The year before, sales grew by $17.5 billion but the number of restaurants fell by 16,000. The linkage is undeniable. Churn is the scourge of a community’s dining reputation.
The four-county metro centered around Durham and including Chapel Hill, also known for its food reputation, is indexed at 109 points. The higher the score over 100, the better the opportunities for additional restaurants.
“The RGI score is calculated on a metro’s total restaurant sales, sales as a percent of capita income, compared to the nation as a whole.” If it isn’t, growth in tourism should be factored.
Boone, North Carolina, a tenth the size of the Durham metro but home to the 17,000-student Appalachian State University and one of the nation’s best hospitality degree programs, has an RGI of 460 and ranks 4th in the nation for restaurant opportunities.
In Durham’s cohort, Greensboro-High Point is indexed at 153, Asheville 130, Fayetteville 119, Charlotte-Gastonia 118, Winston-Salem 118, and Raleigh-Cary 112.

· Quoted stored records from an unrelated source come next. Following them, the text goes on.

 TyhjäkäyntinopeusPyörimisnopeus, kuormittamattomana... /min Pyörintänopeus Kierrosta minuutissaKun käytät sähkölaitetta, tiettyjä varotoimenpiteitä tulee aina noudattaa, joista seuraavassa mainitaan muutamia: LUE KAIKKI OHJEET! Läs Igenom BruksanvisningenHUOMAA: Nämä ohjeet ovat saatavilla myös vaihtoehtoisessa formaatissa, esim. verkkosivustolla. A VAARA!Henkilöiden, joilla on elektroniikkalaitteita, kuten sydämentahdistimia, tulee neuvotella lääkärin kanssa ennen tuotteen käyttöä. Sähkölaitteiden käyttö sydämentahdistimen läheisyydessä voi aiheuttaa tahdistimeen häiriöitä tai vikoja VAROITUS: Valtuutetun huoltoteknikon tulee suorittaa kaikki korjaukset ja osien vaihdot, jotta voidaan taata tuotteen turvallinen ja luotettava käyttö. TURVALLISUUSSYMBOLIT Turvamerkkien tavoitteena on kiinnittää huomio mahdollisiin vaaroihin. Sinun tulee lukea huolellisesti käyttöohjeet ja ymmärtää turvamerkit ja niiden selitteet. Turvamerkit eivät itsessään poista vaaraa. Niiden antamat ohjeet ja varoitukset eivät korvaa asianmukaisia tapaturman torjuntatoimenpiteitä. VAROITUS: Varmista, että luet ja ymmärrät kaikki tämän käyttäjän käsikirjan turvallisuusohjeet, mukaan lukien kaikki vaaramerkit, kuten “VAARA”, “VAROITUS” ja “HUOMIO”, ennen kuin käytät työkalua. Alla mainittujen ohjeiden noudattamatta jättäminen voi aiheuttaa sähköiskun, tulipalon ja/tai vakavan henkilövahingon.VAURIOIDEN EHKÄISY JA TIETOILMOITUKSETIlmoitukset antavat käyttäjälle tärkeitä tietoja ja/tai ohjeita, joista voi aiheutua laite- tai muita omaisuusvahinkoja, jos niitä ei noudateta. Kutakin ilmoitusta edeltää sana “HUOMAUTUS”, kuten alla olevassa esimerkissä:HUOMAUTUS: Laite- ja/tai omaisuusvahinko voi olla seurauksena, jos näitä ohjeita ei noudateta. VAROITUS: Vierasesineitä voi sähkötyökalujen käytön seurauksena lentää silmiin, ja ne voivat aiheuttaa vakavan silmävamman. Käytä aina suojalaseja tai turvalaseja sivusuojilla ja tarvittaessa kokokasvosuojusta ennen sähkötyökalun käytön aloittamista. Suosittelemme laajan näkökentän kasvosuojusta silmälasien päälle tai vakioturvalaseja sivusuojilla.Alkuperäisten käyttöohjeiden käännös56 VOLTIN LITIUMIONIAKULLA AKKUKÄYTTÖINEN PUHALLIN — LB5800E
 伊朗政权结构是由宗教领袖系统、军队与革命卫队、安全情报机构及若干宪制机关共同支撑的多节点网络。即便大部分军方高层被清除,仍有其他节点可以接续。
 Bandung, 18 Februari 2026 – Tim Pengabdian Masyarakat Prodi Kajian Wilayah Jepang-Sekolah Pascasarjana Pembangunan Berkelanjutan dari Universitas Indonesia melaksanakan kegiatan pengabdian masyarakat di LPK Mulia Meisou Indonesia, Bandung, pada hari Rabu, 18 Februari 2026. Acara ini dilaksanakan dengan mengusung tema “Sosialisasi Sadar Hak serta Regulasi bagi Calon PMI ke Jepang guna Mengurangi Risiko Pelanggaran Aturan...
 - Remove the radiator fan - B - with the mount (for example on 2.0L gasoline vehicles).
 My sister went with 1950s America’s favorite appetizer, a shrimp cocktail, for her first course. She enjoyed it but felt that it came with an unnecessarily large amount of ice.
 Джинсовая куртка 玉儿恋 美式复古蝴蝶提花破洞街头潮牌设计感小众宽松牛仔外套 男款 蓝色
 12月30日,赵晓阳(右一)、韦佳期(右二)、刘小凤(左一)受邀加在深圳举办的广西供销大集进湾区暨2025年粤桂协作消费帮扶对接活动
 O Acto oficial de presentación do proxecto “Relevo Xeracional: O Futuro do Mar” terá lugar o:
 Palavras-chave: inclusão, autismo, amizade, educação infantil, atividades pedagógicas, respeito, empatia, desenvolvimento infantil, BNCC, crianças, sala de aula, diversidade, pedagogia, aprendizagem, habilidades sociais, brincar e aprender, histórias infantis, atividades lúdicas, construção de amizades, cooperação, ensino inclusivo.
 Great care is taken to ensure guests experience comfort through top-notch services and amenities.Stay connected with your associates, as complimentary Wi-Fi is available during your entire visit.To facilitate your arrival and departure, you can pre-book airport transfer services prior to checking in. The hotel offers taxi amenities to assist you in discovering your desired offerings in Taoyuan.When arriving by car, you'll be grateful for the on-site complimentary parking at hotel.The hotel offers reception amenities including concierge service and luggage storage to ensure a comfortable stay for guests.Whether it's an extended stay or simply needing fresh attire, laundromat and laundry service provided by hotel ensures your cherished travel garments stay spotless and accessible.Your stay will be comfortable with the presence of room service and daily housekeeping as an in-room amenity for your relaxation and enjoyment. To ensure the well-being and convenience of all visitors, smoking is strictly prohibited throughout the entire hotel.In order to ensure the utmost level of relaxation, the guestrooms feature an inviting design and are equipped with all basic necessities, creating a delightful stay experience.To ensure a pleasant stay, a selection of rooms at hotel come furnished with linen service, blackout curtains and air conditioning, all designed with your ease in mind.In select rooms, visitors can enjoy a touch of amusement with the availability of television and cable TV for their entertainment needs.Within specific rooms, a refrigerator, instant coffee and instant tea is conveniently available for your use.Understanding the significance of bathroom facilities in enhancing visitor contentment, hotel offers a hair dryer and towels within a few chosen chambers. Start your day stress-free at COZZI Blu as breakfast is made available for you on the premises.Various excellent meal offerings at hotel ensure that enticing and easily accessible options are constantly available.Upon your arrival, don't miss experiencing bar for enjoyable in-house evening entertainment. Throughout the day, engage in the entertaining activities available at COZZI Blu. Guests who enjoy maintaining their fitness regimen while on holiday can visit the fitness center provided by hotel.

While still in positive territory as a location for new restaurants, Durham RGI is lowest among these metro peers, meaning we need to start focusing on making the restaurants we have more sustainable rather than just facilitating more competition, especially from chains.
Visitor-centric economic and cultural development works on the principle of generating “demand” for existing businesses and letting the marketplace determine when more are needed.
Unfortunately, entities involved in traditional economic development, such as chambers and downtown development organizations are more often “supply-driven.”
Focused on new developments, too often these groups can be insensitive or blind to the delicate issues of sustainability in the existing business climate, until it is too late.
Restaurants in particular must be viewed as more than just tangential to development as they were considered by traditional economic developers as recently as the 1990s.
It is also important to protect organic districts from chains. Unfortunately, this will be put to the test if a new development along Ninth Street includes chain restaurants as rumored. Hopefully, the developers are aware of what a chain store did to destroy Franklin Street in nearby Chapel Hill.
When making decisions or fostering a business climate communities are well-advised to adopt an index approach, taking the RGI down to the community and district level to ascertain when it is optimal or cannibalistic to grow an industry such as restaurants.
Wherever possible, the index must also factor in visitor and commuter populations to illuminate the sales per capita element. It must also take into account the research showing that fostering local, independent businesses is preferable to generic, chain development.